RenderCV generates PDFs via Typst, which produces a clean, programmatic text layer with properly embedded fonts and correct Unicode mappings. This report tests whether that text layer holds up under real parsing conditions.
Methodology¶
Test corpus¶
We selected 4 test resumes designed to cover the range of content that a parser might encounter:
| Test case | What it covers |
|---|---|
| Standard | Full resume with 3 work entries, 2 education entries, 21 skills, certifications |
| Diacritics | International characters (García-López, Universitat de Barcelona, +34 phone) |
| Academic | Publications, grants, 3 positions, 3 degrees, 13 skill categories |
| Minimal | Just a name, email, 1 job, 1 degree |
Each was rendered across all 5 RenderCV themes (classic, moderncv, sb2nov, engineeringresumes, engineeringclassic), producing 20 PDFs.
Testing layers¶
We tested at two independent layers:
Layer 1: Text extraction. We extracted text from every PDF using two tools: pdftotext (Poppler) and PyMuPDF. For each PDF, we checked whether the extracted text contained every expected field from the source YAML: names, emails, locations, company names, job titles, institution names, degrees, highlights, and skills.
Layer 2: Commercial parsing. We submitted every PDF to three commercial resume parsing engines via Eden AI: Affinda, Extracta, and Klippa. These are real production parsers that ATS platforms use to extract structured candidate data. We compared their structured output (parsed name, parsed company, parsed dates, etc.) against the known input from our YAML files.

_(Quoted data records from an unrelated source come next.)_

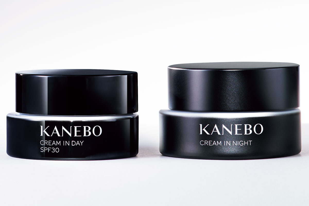 左:紫外線や乾燥ダメージから肌を守り柔らかなツヤ肌へと導く朝クリーム。表情筋の動きにピタリと寄り添うオールデイシールド塗膜技術により夕方まで潤いをキープし、メイク崩れを防ぎます。クリーム イン デイII SPF30・PA+++[医薬部外品]40g¥9,350 右:水分蒸発量の多い夜の肌に密着するオーバーナイトシールド塗膜技術により、睡眠中の肌を乾燥から守ります。クリーム イン ナイトII [医薬部外品]50g¥13,750(ともにカネボウインターナショナルDiv.)
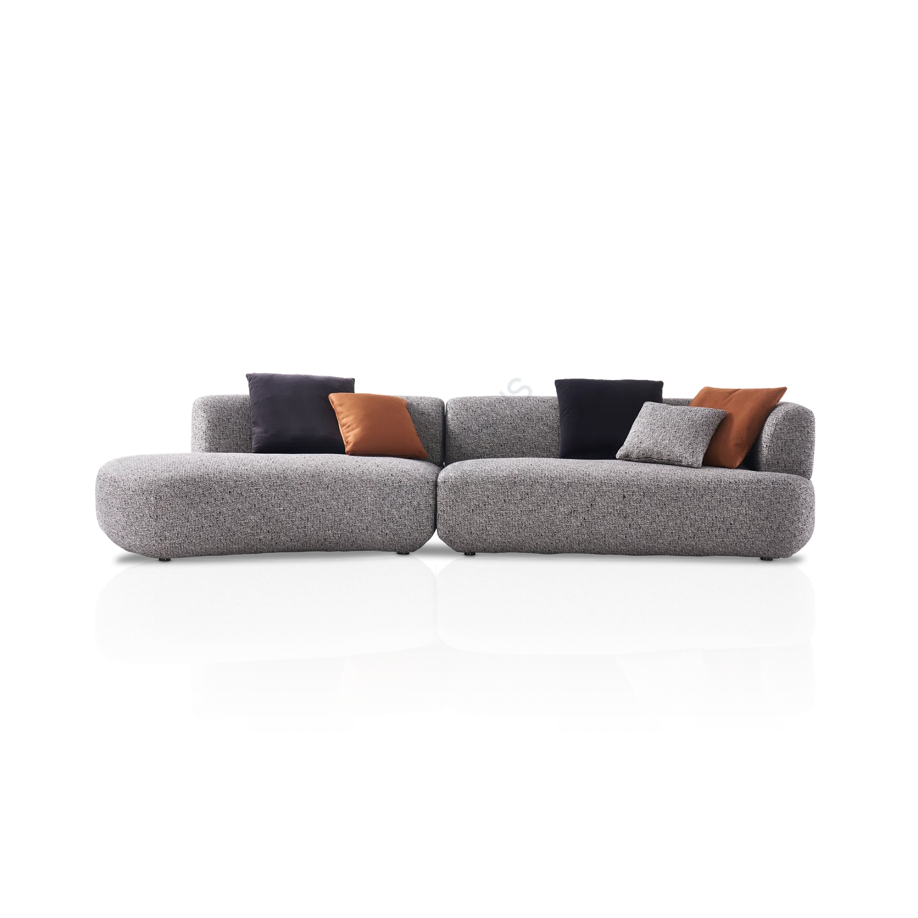 This modern sofa presents an inviting silhouette, characterized by its gently rounded arms and deep, comfortable seating pads. Upholstered in soft suede leather, it offers a luxurious touch and a sophisticated appearance that complements any contemporary living space.
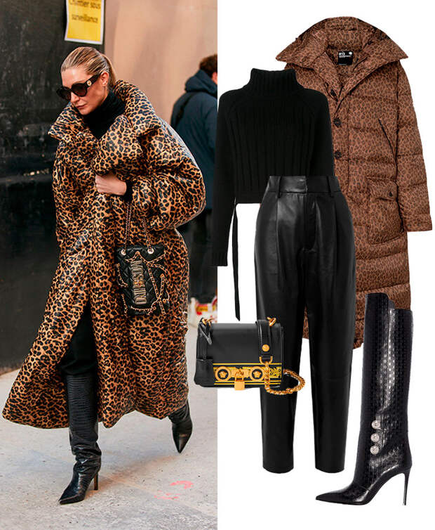 Водолазка PROENZA SCHOULER, 38 877 руб.; брюки ANINE BING, 52 721 руб.; пуховик BRUMAL, 81 110 руб.; сумка VERSACE, 104 713 руб.; сапоги BALMAIN, 71 121 руб.

Why this is a strong test¶
- Known ground truth. RenderCV generates PDFs from structured YAML, so we know exactly what every field should be. There is no annotation ambiguity.

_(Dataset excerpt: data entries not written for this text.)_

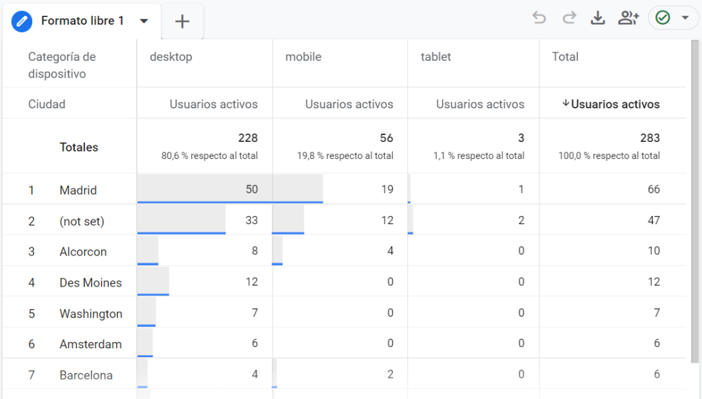 El informe de forma libre presenta los datos en un diseño de tabla dinámica, dando la opción de organizar filas y columnas como desee y aplicar segmentos y filtros personalizados para refinar sus datos. En GA3, teníamos la opción de crear un informe personalizado en la opción de menú de personalización pero eran bastante limitados y estéticamente mejorables. El informe personalizado de GA4 se reemplaza con el informe de exploración.
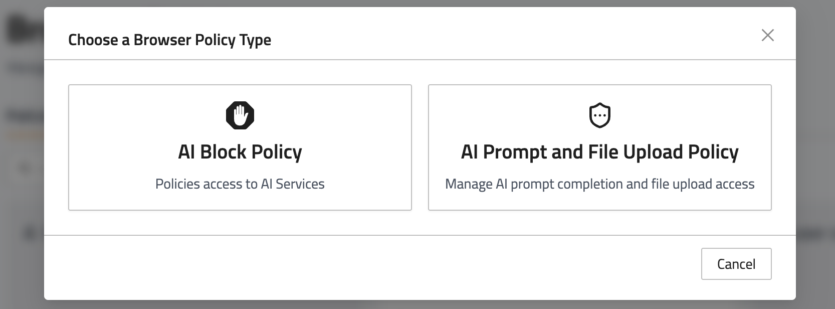 Browser policies enable you to define policies for managing access to AI platforms. These policies act as monitors that detect when Workforce resources attempt to access or use an AI platform, and perform an action to manage the use of that platform.
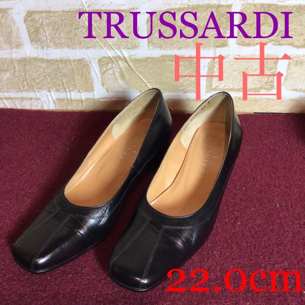 > 【売り切り!送料無料!】A-151 TRUSSARDI!22.0cm!仕事!ビジネス!冠婚葬祭!七五三!入園入学式!卒園卒業式!フォーマル!中古!
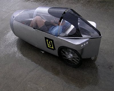 John Falconer attracted a lot of attention with this very innovative velomobile. This FWD, RWS tricycle is made mostly of sheet aluminium and is riveted together. John won a trophy for having the most outstanding machine at the HPC.
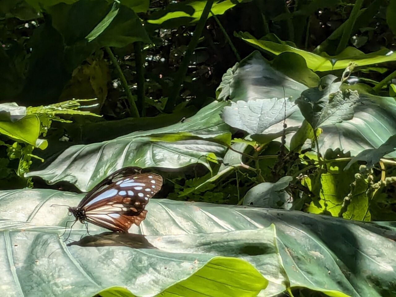 11:09 丁度、2羽のアサギマダラがやってきた。以前もこの辺りでアサギマダラに出会ったことがある。
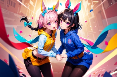 (2femboys, couple focus:1.7), masterpiece, best quality, extremely detailed, (brushwork of action painting:1.5), (airbrush painting, blurred, bounce lighting:1.4), (2 pure and lustful femboys, pink eyes, flat chest, slender:1.3), (purple cropped Zip Up Sweatshirt, open jacket, hood down, white purple horizontal stripe shirt, midriff peek, black mini skirt, black pantyhose, little black hair bows:1.2), (green suede belt:0.9), (gravure model pose:1.2), seductive smile, (looking at view, panty shot:0.2), energetic compositions, (colorful abstract rays:1.2), (abstract petals:1.2), (motion blur, chromatic_aberration:1.4), (pink and multi-colored hair braid:1.0), (fisheye lens:0.4), (character focus, full figure:0.1), (dynamic angle, in comiket:1.1), <lora:flat2:-0.7> <lora:boldline:-1> ,

- Multiple independent tools. Two text extractors and three commercial parsers all analyzing the same PDFs. If all five agree, the result is robust.
- Theme variation. All five themes produce different visual layouts but the same underlying content. If parsing succeeds across all themes, the result is not dependent on a specific layout.
Results¶
Layer 1: Text extraction¶
| Check | Result |
|---|---|
| PDFs with extractable text | 20/20 |
| Correct reading order | 20/20 |
| No garbled characters | 20/20 |
| pdftotext average accuracy | 99.1% |
| pymupdf average accuracy | 99.1% |
Both tools extracted text correctly from every PDF. The small gap from 100% accuracy is due to Typst's standard typographic rendering (e.g., straight quotes become curly quotes), not missing content.
Accuracy was identical across all five themes, which is expected: Typst produces the same text layer regardless of the visual theme.
Layer 2: Commercial parsing¶
All three parsers correctly extracted every core resume field across all themes:
| Field | Affinda | Extracta | Klippa |
|---|---|---|---|
| Name | Correct | Correct | Correct |
| Correct | Correct | Correct | |
| Phone | Correct | Correct | Correct |
| Location | Partial | Correct | Not extracted |
| Company name | Correct | Correct | Correct |
| Job title | Correct | Correct | Correct |
| Start date | Correct | Correct | Correct |
| End date | Correct | Correct | Correct |
| Institution | Partial | Correct | Correct |
To illustrate what "correctly parsed" means concretely, here is what the parsers extracted from one test resume (standard layout, classic theme):
| Field | YAML input (ground truth) | Affinda | Extracta | Klippa |
|---|---|---|---|---|
| Name | Alice Chen | Alice Chen | Alice Chen | Alice Chen |
| alice.chen@email.com | alice.chen@email.com | alice.chen@email.com | alice.chen@email.com | |
| Phone | +1-415-555-0142 | (415) 555-0142 | (415) 555-0142 | (415) 555-0142 |
| Work (3 entries) | Stripe, Google, AWS | Stripe, Google, AWS | Stripe, Google, AWS | Stripe, Google, AWS |
| Education | Stanford (MS), UC Berkeley (BS) | Stanford (Master), UC Berkeley (Bachelor) | Stanford (MS), UC Berkeley (BS) | Stanford (MS), UC Berkeley (BS) |
Every parser identified the correct person, the correct companies, the correct job titles, and the correct institutions. Formatting differences (e.g., phone number format, "MS" vs "Master") are standard parser normalization, not extraction failures.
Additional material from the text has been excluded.